# Lathe die holder 1st attempt



## sycle1 (Aug 25, 2021)

My first die holder for the lathe! I know its a bit rough round the edges I am still learning


----------



## BladesIIB (Aug 25, 2021)

That is a great start for learning.  Congrats!


----------



## Eddyde (Aug 26, 2021)

Looks great! Please post more pictures, especially if you have some taken during fabrication.


----------



## MrWhoopee (Aug 26, 2021)

Nice work! These are a great little project and a very useful tool. 
I have to make some adapter rings for mine as I have discovered that metric dies come in an assortment of sizes and none of them are 1 or 1.5 in.


----------



## mattthemuppet2 (Aug 26, 2021)

very cool!

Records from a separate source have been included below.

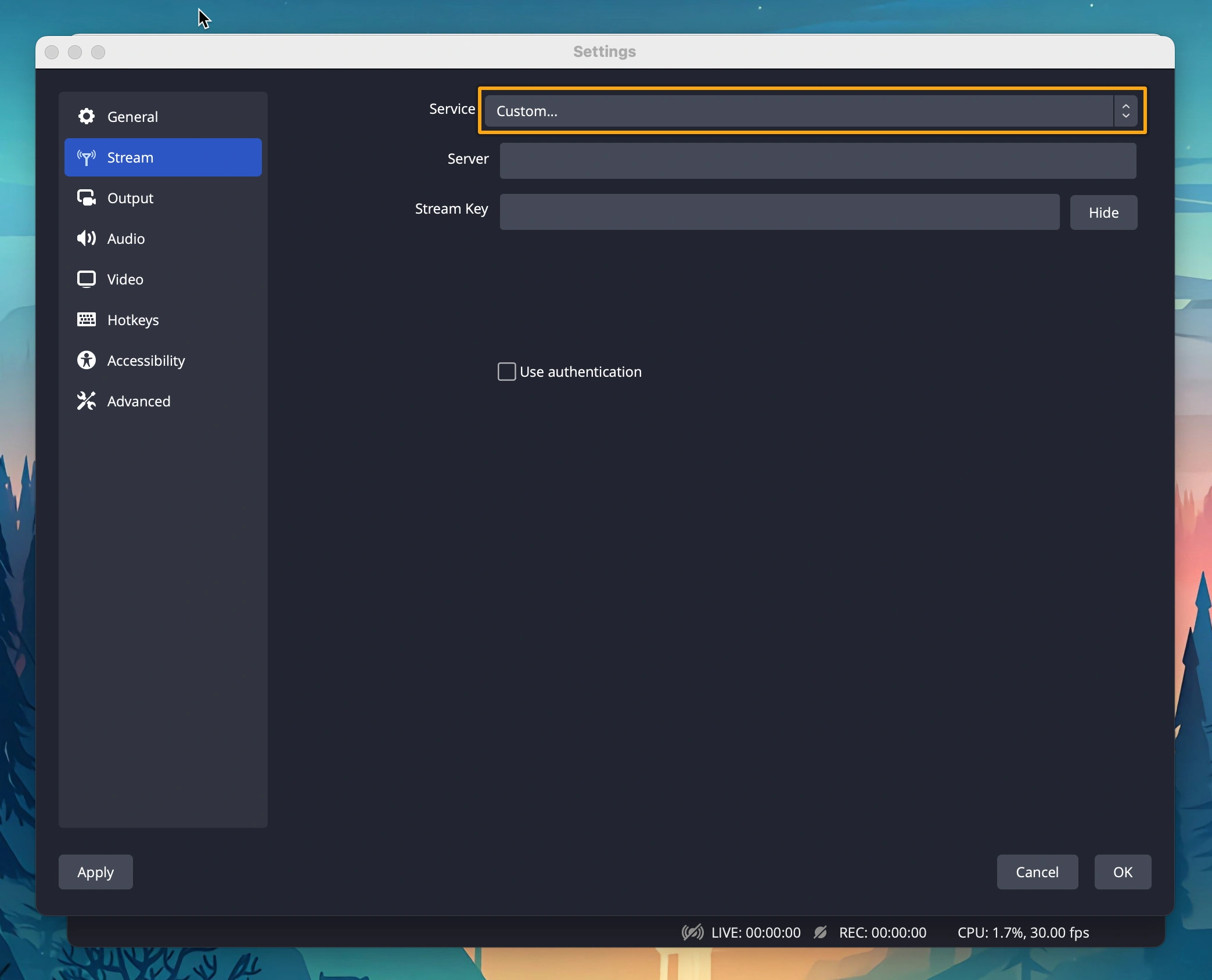 Being already in the Stream tab, we need to choose the right type of service. Switch the Service option to Custom.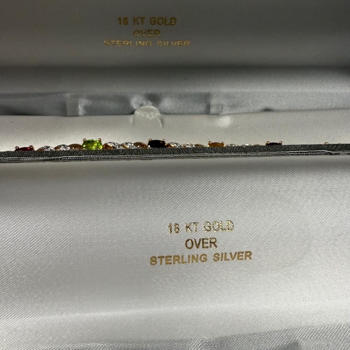 Three Identical 18K over Sterling Stone Bracelets & a Set of Earrings & Pendant (ST-KD)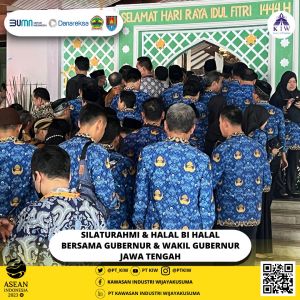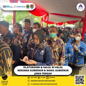 PT Kawasan Industri Wijayakusuma (KIW) yang diwakili oleh Head of Corporate Secretary, Ibu Kuniyanti dan tim, menghadiri acara silaturahmi dengan Gubernur Jawa Tengah Bapak H. Ganjar Pranowo, S.H, M.IP dan Wakil Gubernur Jawa Tengah Bapak H. Taj Yasin Maimoen setelah momen Idul Fitri 1444 H. Kegiatan silaturahmi ini dilaksanakan pada hari Selasa, tanggal 02 Mei 2023, bertempat di Kantor Gubernur Jawa Tengah. Acara ini dihadiri oleh sejumlah tamu undangan, termasuk seluruh Bupati/Walikota Jawa Tengah, pimpinan OPD Provinsi Jawa Tengah (pejabat struktural/setara), tokoh lintas agama, rektor PTN/PTS, pimpinan BUMN/BUMD, serta pimpinan instansi vertikal.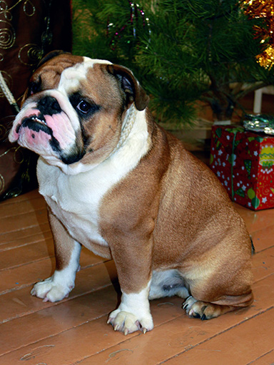 Новогодняя фотосессия, в стойке сфотографировать так и не удалось: ни за уговоры, ни за печеньки — не согласился, — нет, и все, пошел играть в мяч, сэр Уинстон.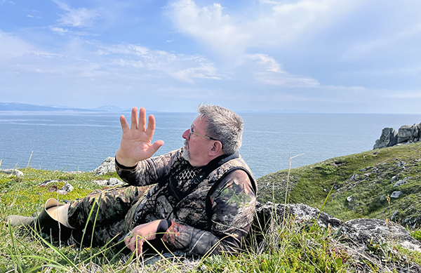 Вещаю о чём-то Миру и Риму с мыса Евреинова, Охотское море.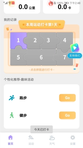 往下滑动页面,点击拼图就能完成运动打卡,同时还能参与平台推荐的跑步和健步活动。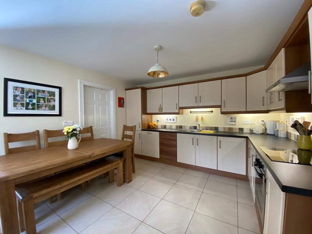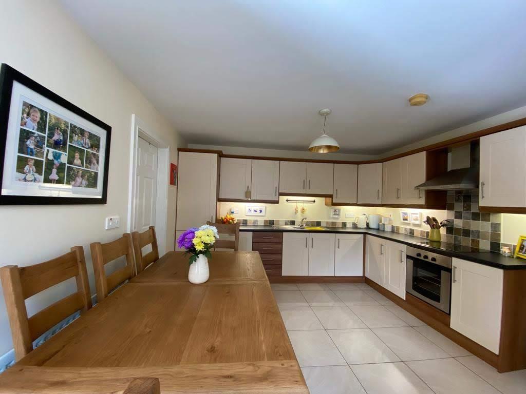 5.79m x 3.73m (19' x 12'3") - Having eye and low level units with concealed lighting under, tiling between units, hob, underoven, stainless steel extractor hood, integrated fridge / freezer and dishwasher, ample dining space, tiled floor, open plan to Sunroom.

Looks much nicer than mine and will probably be just as useful. They're really handy for making small screws or finishing off some single point threading


----------



## riversidedan (Aug 26, 2021)

looks good..... sycle1 looks like mine only problem is I only had 1 in. dia 6061 so the dies were to big to fit, so need some 1.5 stock.......and yes thier not that hard to make, I had to buy 1 pre-made but after that figured out how they were  produced, just used 2     5-40 grub screws to hold the die being the die already had a divit for one screw to grab..  wasnt concerned with the knurl as I can go back and re-do it

its the perfect project for the newbie


----------



## th62 (Sep 22, 2021)

Why so many screws to hold the die in.  I have two, one for 25mm dies, another for 30mm dies I made the other day.  Good job BTW, nice knurling.


----------